L’unico modo che esiste di perseguire il “… fine di conciliarla (l’attività di cura) alle esigenze personali di vita sociale e lavorativa.” è garantire l’autonomia e l’inclusione sociale della persona con disabilità QUALE CHE SIA LA GRAVITA’ DI ESSA. Cioè applicare le leggi esistenti.
L’intervento legislativo ad hoc per i #caregiverfamiliari che si doveva fare era di riconoscere (finanziandola adeguatamente) la tutela previdenziale, sanitaria e assicurativa per le malattie e gli infortuni derivanti dall’attività di cura INTEGRATIVA DI QUELLA SVOLTA DAI SERVIZI.

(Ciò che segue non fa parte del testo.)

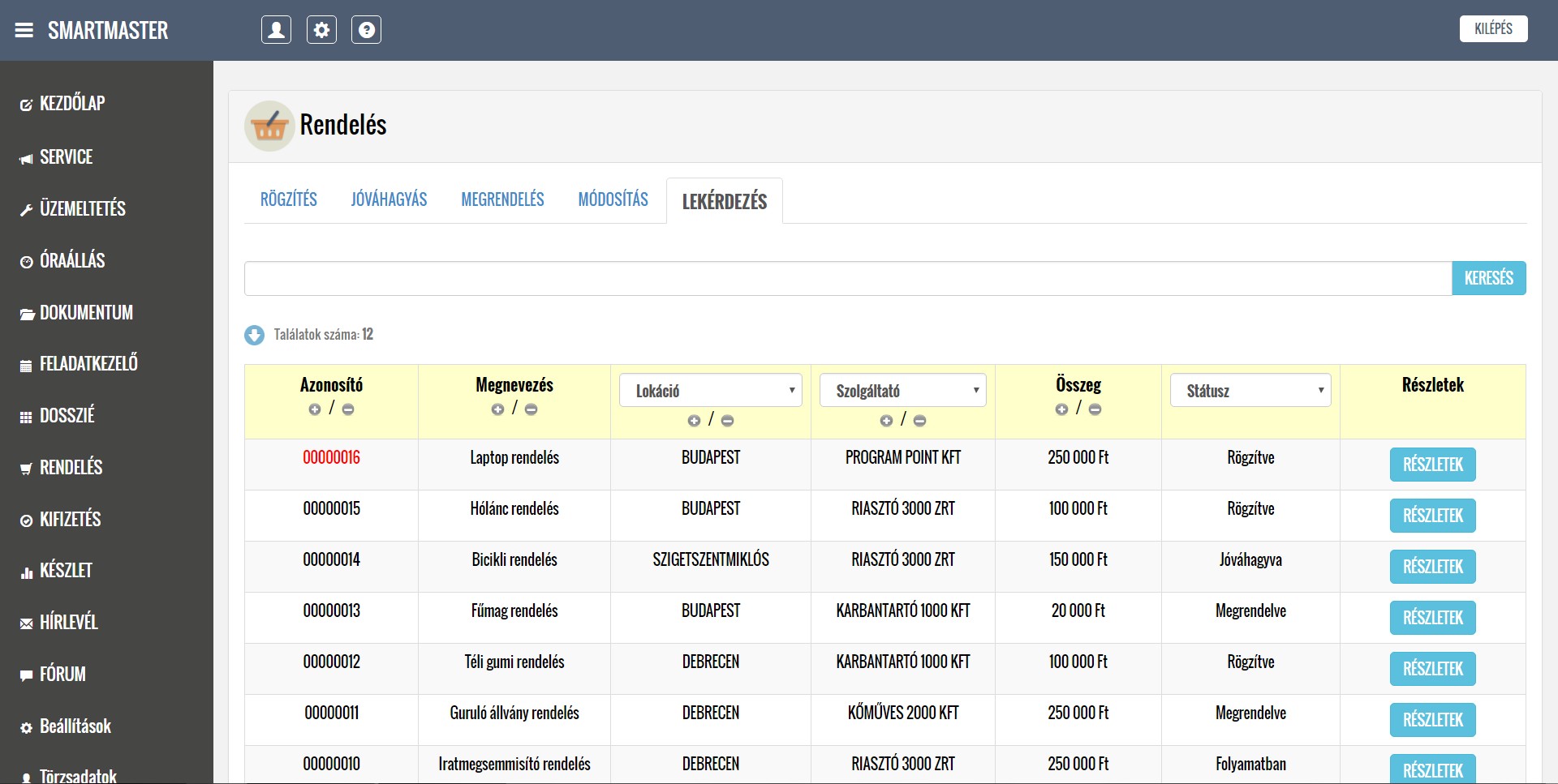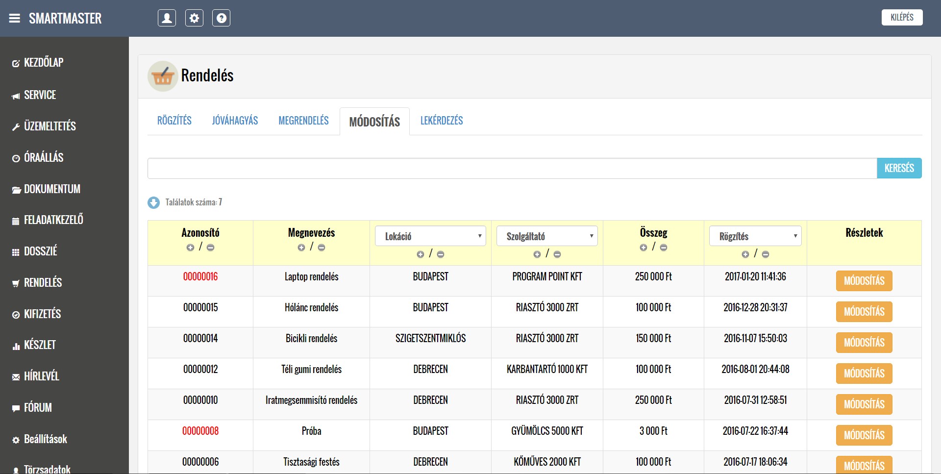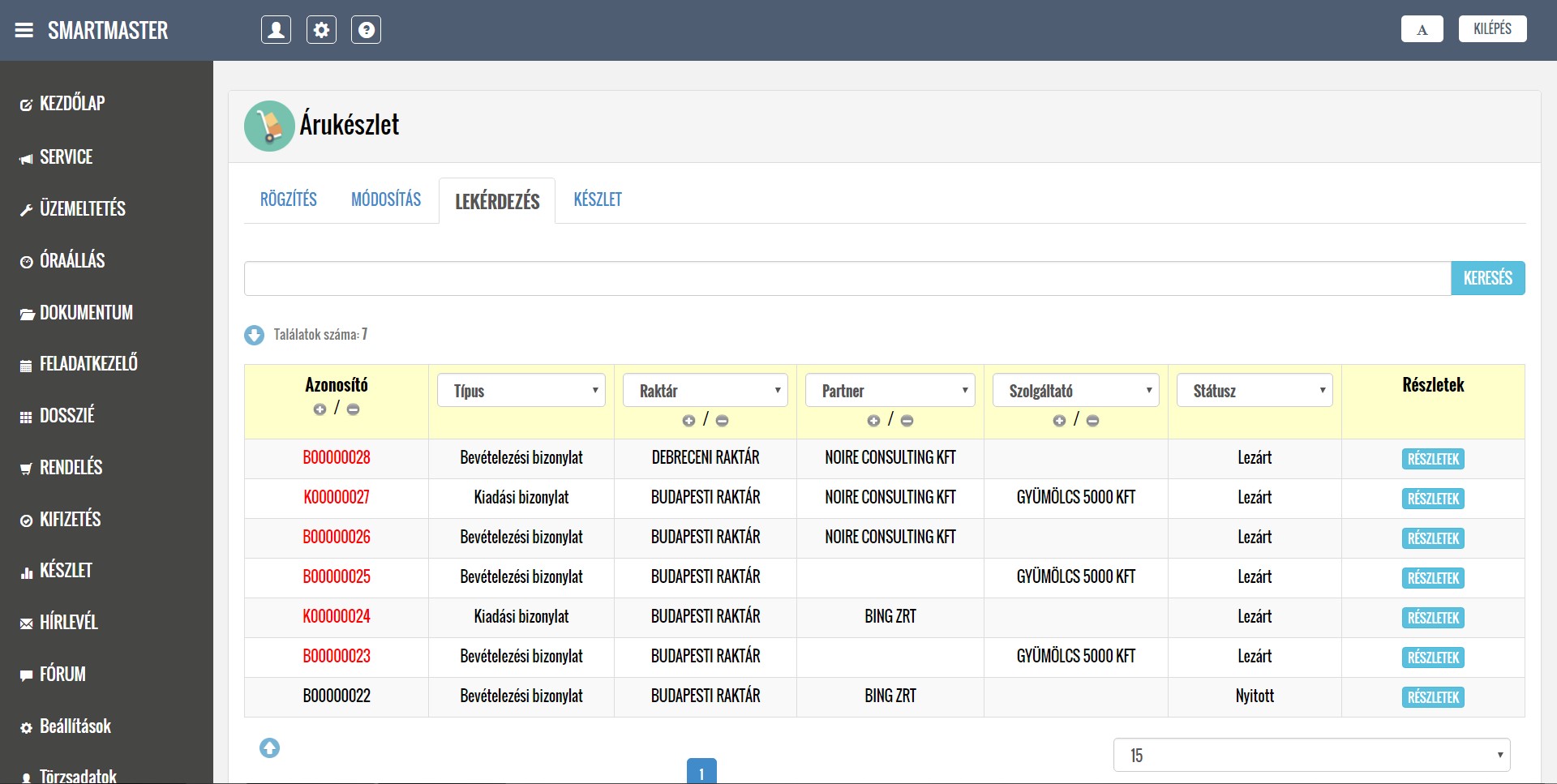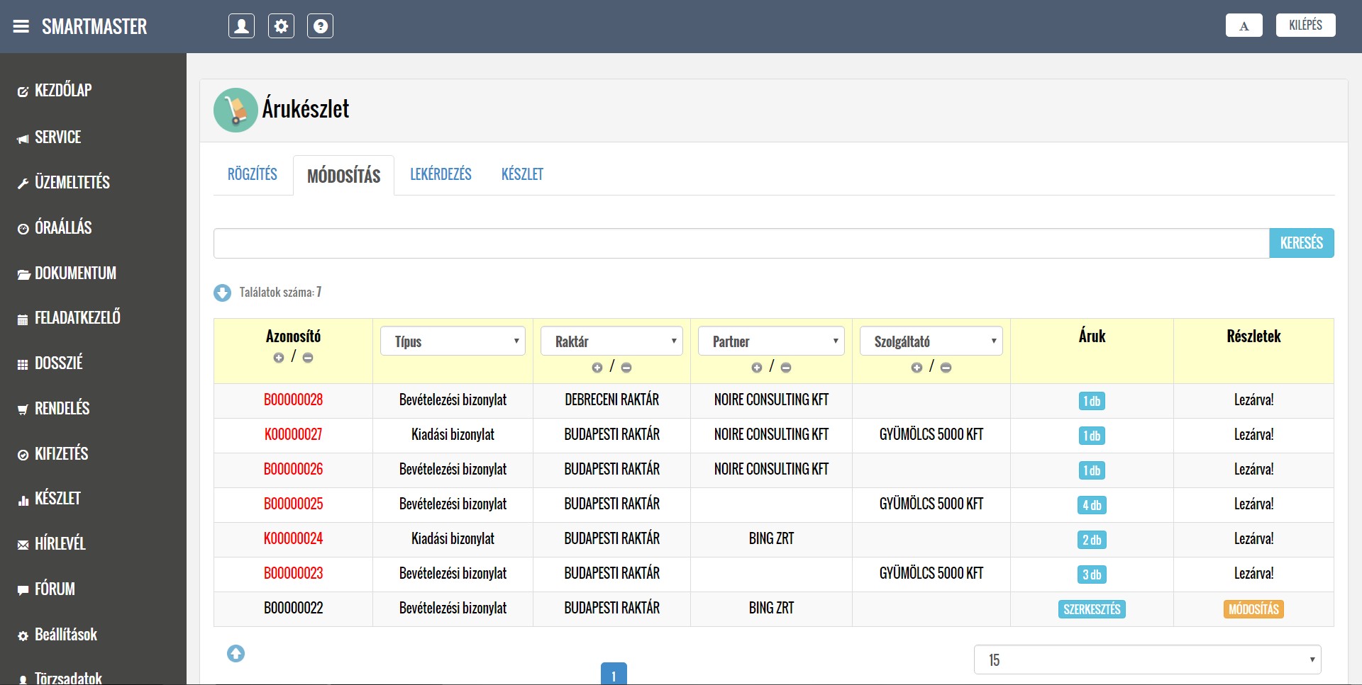 DEMO alkalmazásban elérhető üzleti modulok (7/14)

Infine, lo dico da psicologo, i vari riferimenti a supporto psicologico e gruppi di mutuo-aiuto, sono solo il puerile tentativo di costruire un consenso, esterno alla categoria, a questa legge. Premesso che il legislatore avrebbe dovuto intervenire per rimuovere le condizioni di stress piuttosto che cronicizzarle e poi cercare di alleviarle, questa legge prende in giro anche i professionisti in quanto i servizi attivati non avranno utenza se le persone non avranno tempo e modo di dedicarsi alla tutela della loro salute fisica e mentale. Inoltre, qualsiasi tipo di supporto psicologico verrebbe pesantemente penalizzato dal perpetuarsi di situazioni cronicamente svantaggiose dal punto di vista psicosociale.